Use a Custom OpenAI-Compatible Endpoint¶
Lots of model servers speak the OpenAI /v1 wire format: DeepSeek's API,
llama.cpp's server, LM Studio, vLLM, and many
hosted proxies. The openai-compatible provider points lgtmaybe at any of them —
you supply the base URL, and (if the server wants one) a key.
This is the answer to "I don't want to be limited to the built-in provider list":
anything that exposes an OpenAI-compatible /v1 endpoint works through one flag.
How it works¶
--provider openai-compatible routes through litellm's OpenAI client, but sends
your requests to the --api-base you give instead of api.openai.com. The
base URL is required (that's the whole point); the API key is optional:
- Hosted endpoints (DeepSeek, a paid proxy) need a key — pass
--api-keyor setOPENAI_COMPATIBLE_API_KEY. - Local servers (llama.cpp, LM Studio, vLLM) usually need none. lgtmaybe sends a harmless placeholder key in that case, because the OpenAI client rejects an empty one.

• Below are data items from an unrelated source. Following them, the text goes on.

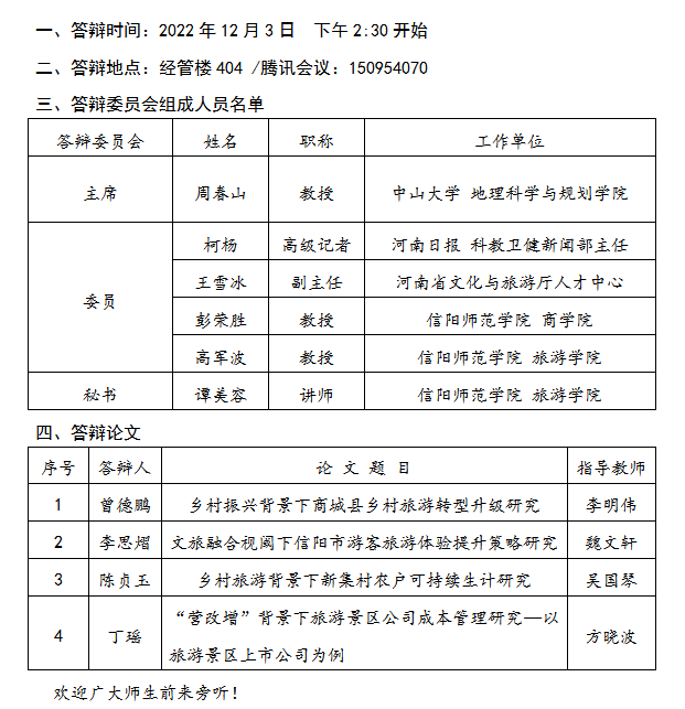 2022年下半年硕士研究生学位论文答辩公告
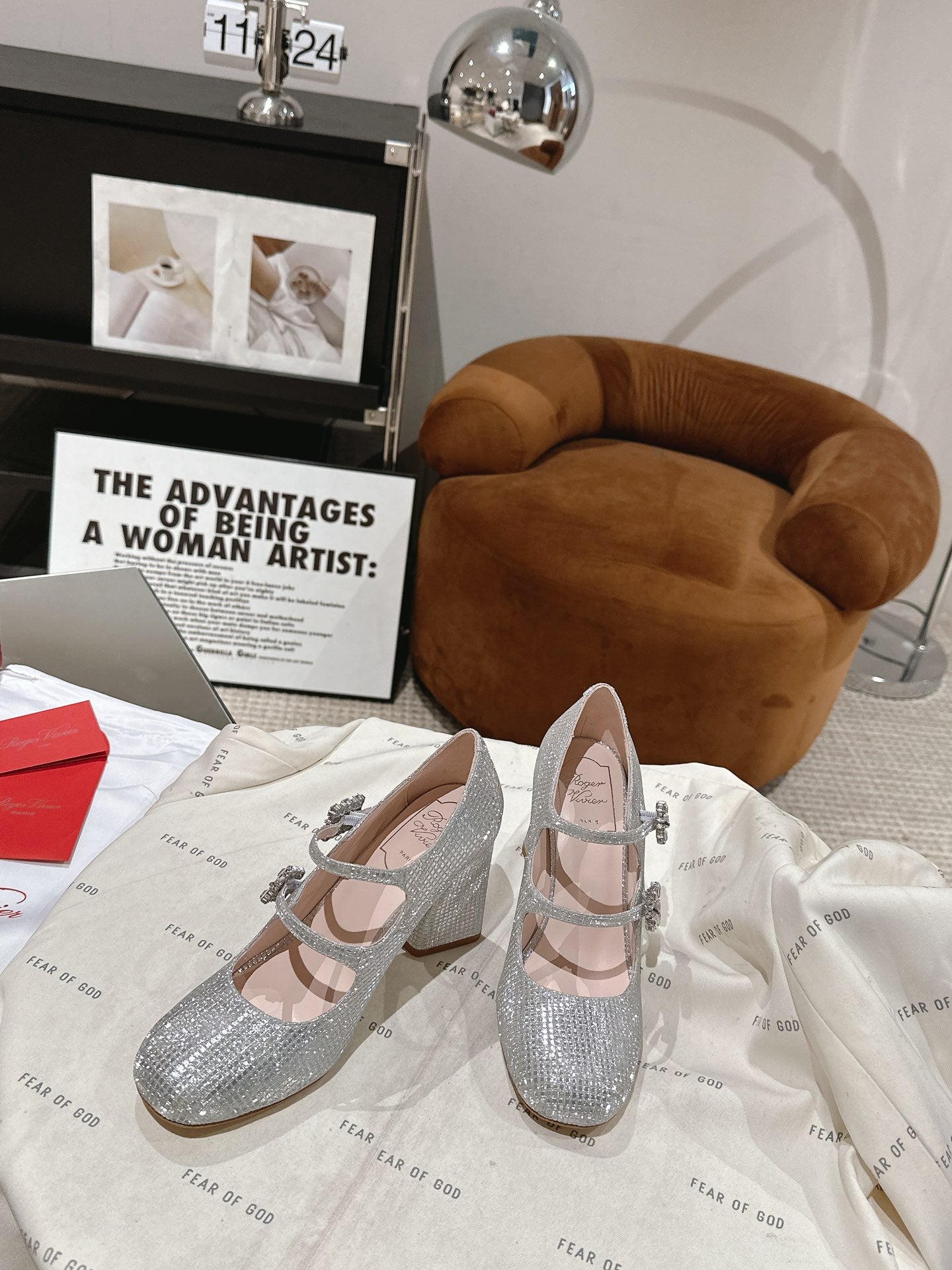 TRÈS VIVIER MARY JANE DOUBLE-STRAP PUMPS IN SILVER CALFSKIN FULLY EMBELLISHED CRYSTALS
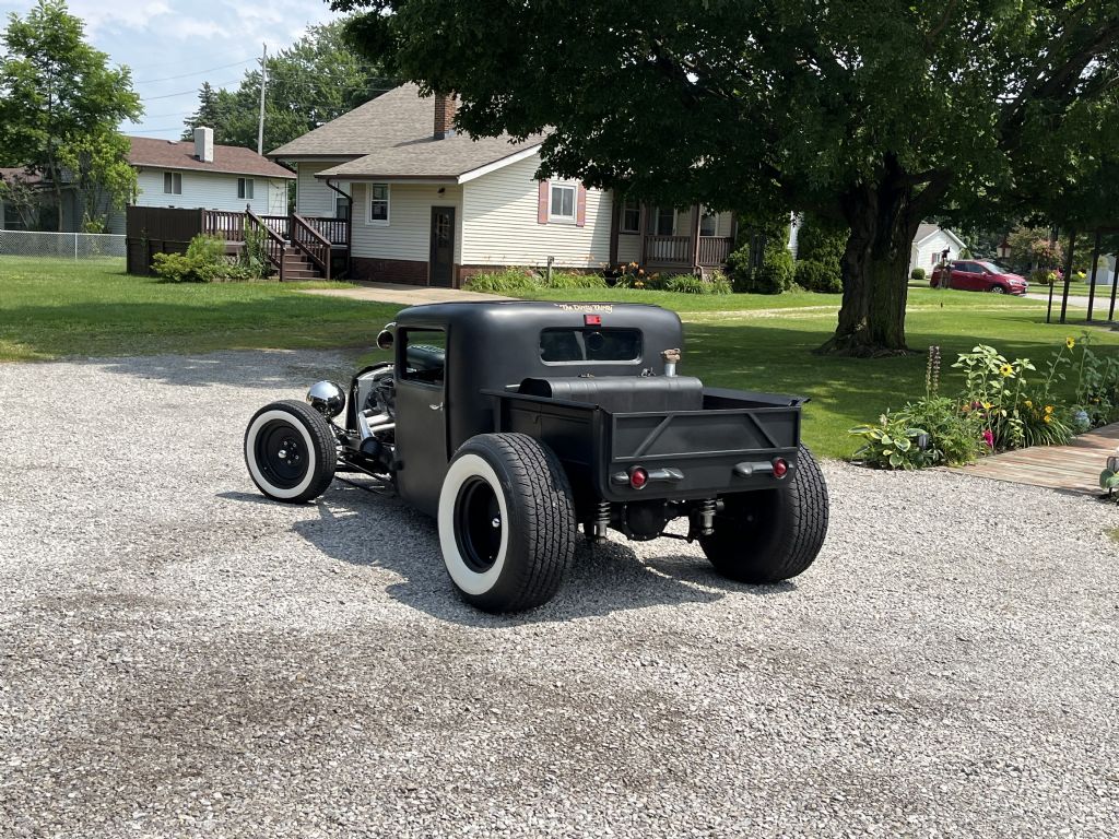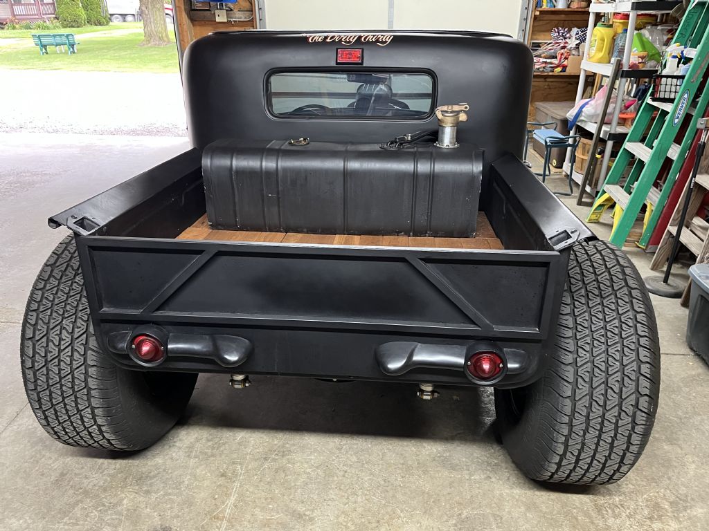 Body chopped, 350 crate-roller engine, 700R-2 overdrive trans w/ shift kit, Corvette servo, Flotek aluminum heads, stainless steel pushrods, small cam, MSD distributor, Edelbrock 600 CFM carb, 14" cooling fan, Yukon 3.23 gears and Posi-Trac differential.
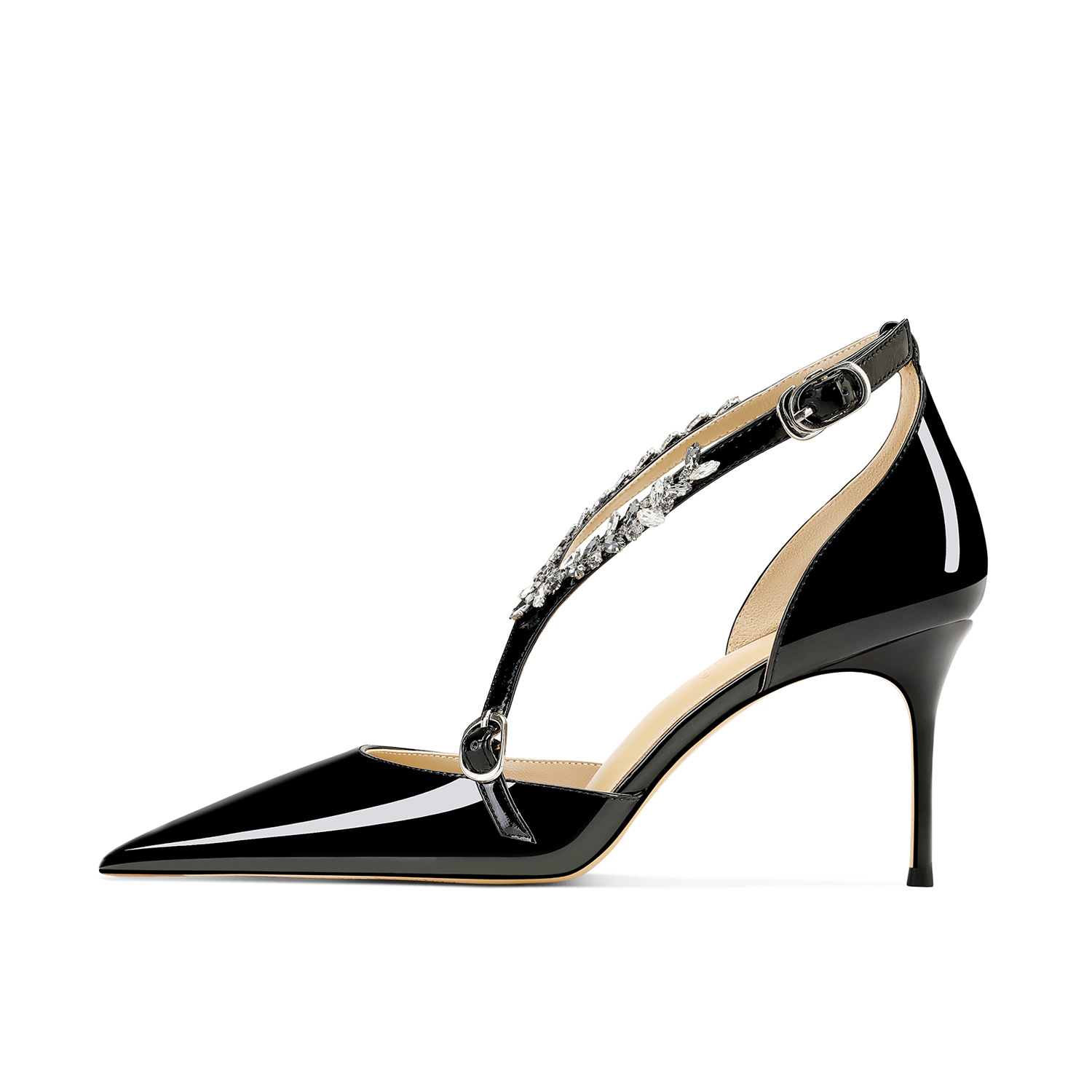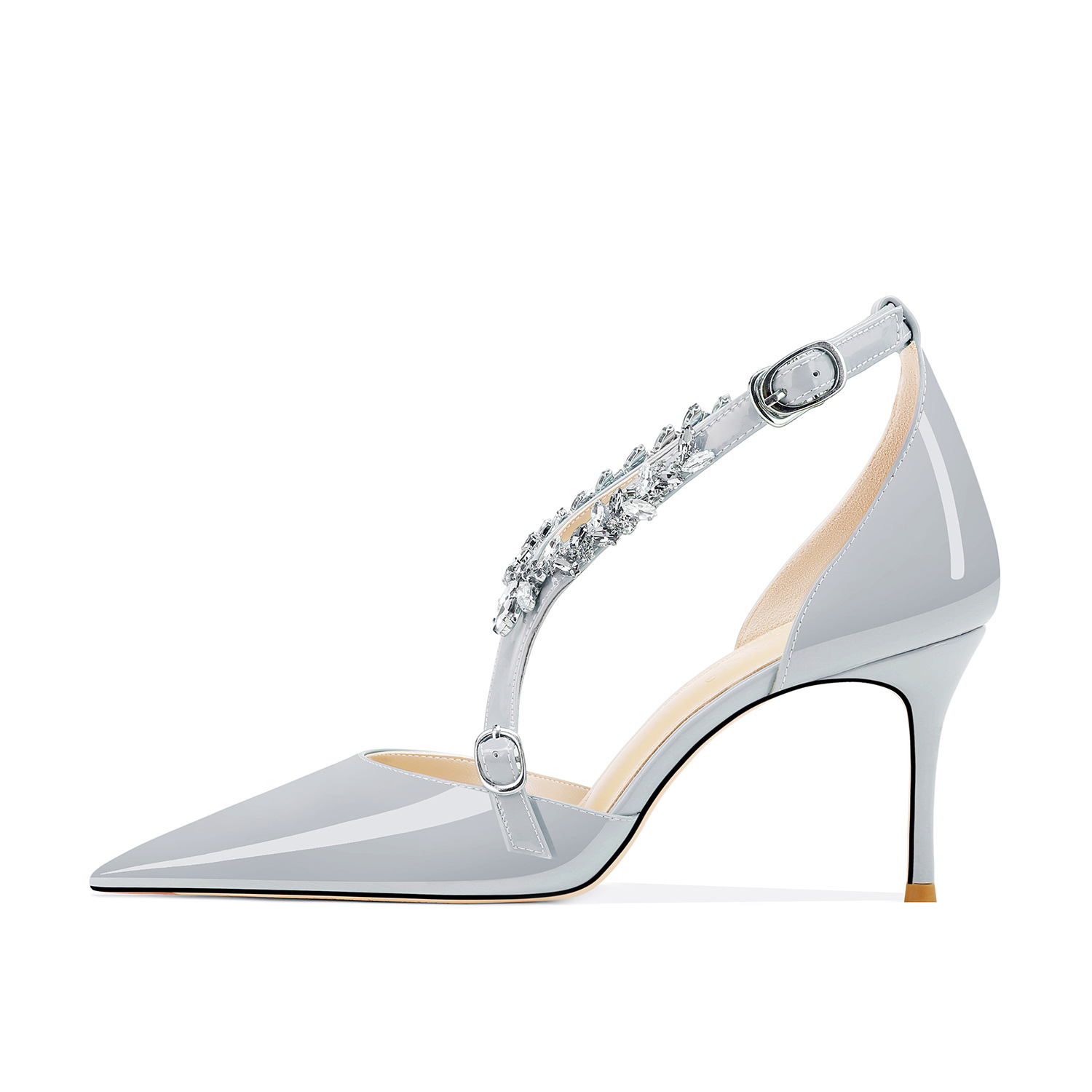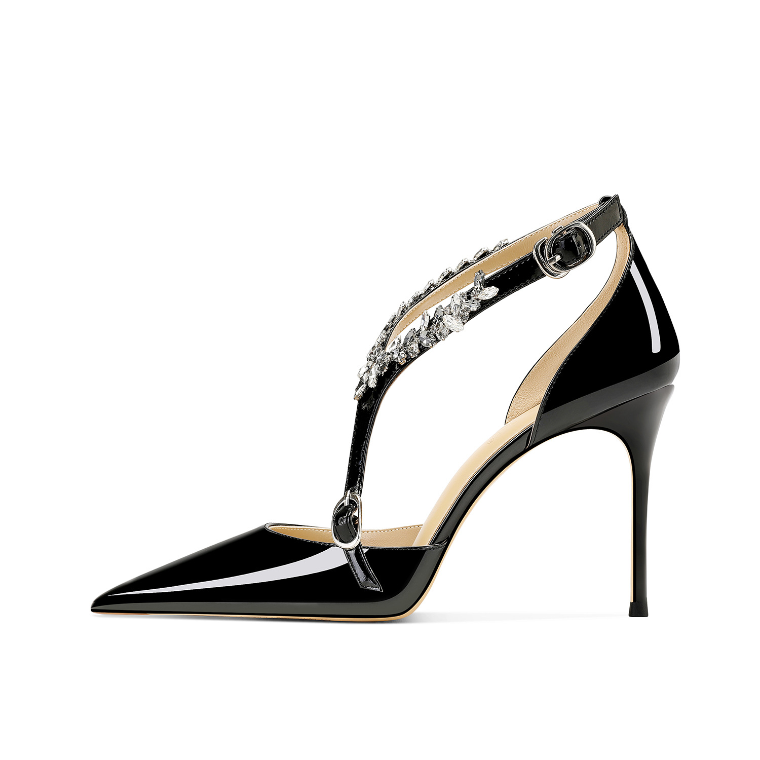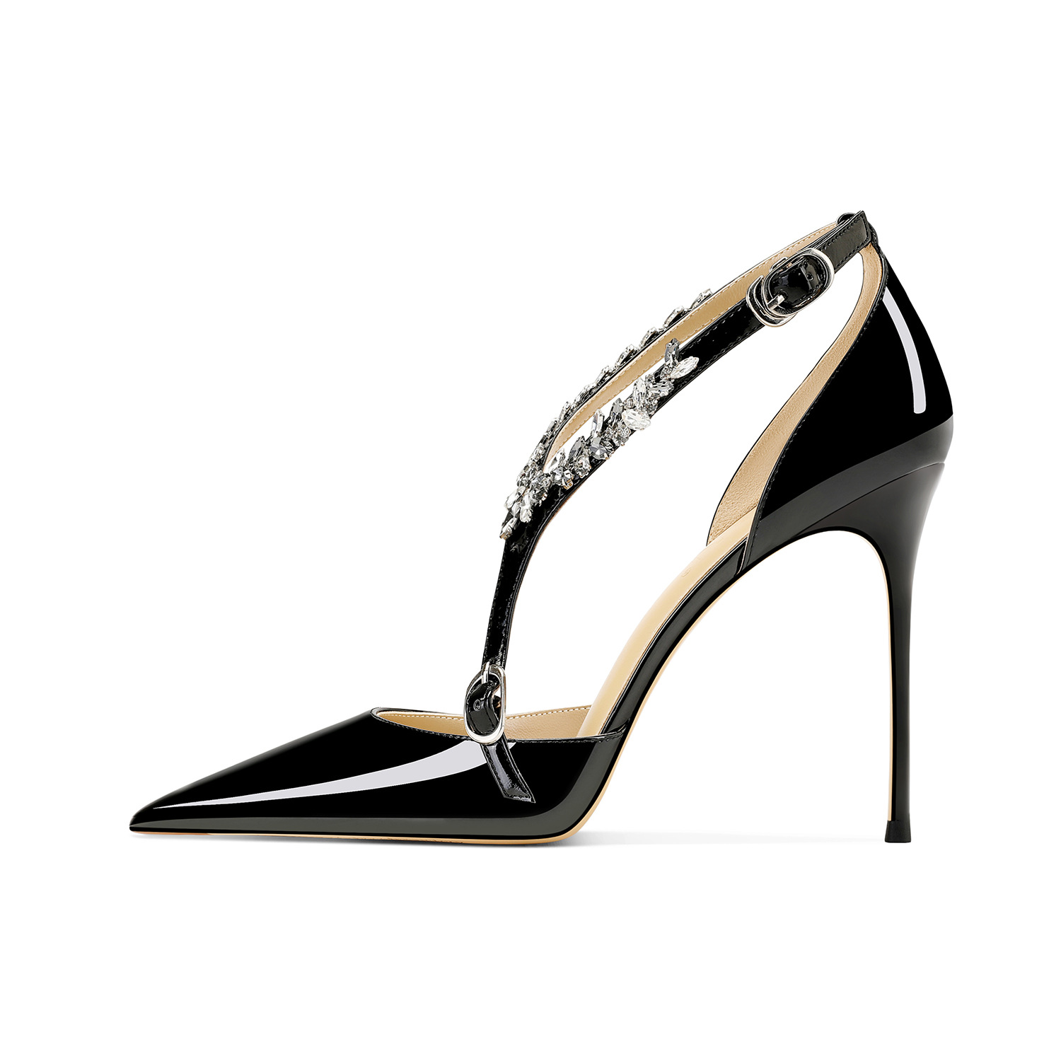 플러스 사이즈 정품 가죽 라인스톤 하이힐 슈즈 2024 새 여름 올매치 포인티드 스틸레토 힐 버클 스트랩 여성용 샌들스토어 가기
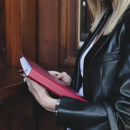 • Capa dura na cor cherry com detalhes em hot stamping dourado e alto relevo

The API key, when you do supply one, is read from the environment or --api-key
and is never persisted to config.
Because the endpoint might be a slow local model, openai-compatible defaults to
the same generous 300s per-call timeout as ollama. For a fast hosted endpoint
like DeepSeek you can dial it down with --timeout (or timeout: in config).
DeepSeek (hosted, keyed)¶
export OPENAI_COMPATIBLE_API_KEY=sk-... # your DeepSeek key
lgtmaybe review \
--provider openai-compatible \
--model deepseek-chat \
--api-base https://api.deepseek.com/v1
You can pass the key inline with --api-key sk-... instead of the env var.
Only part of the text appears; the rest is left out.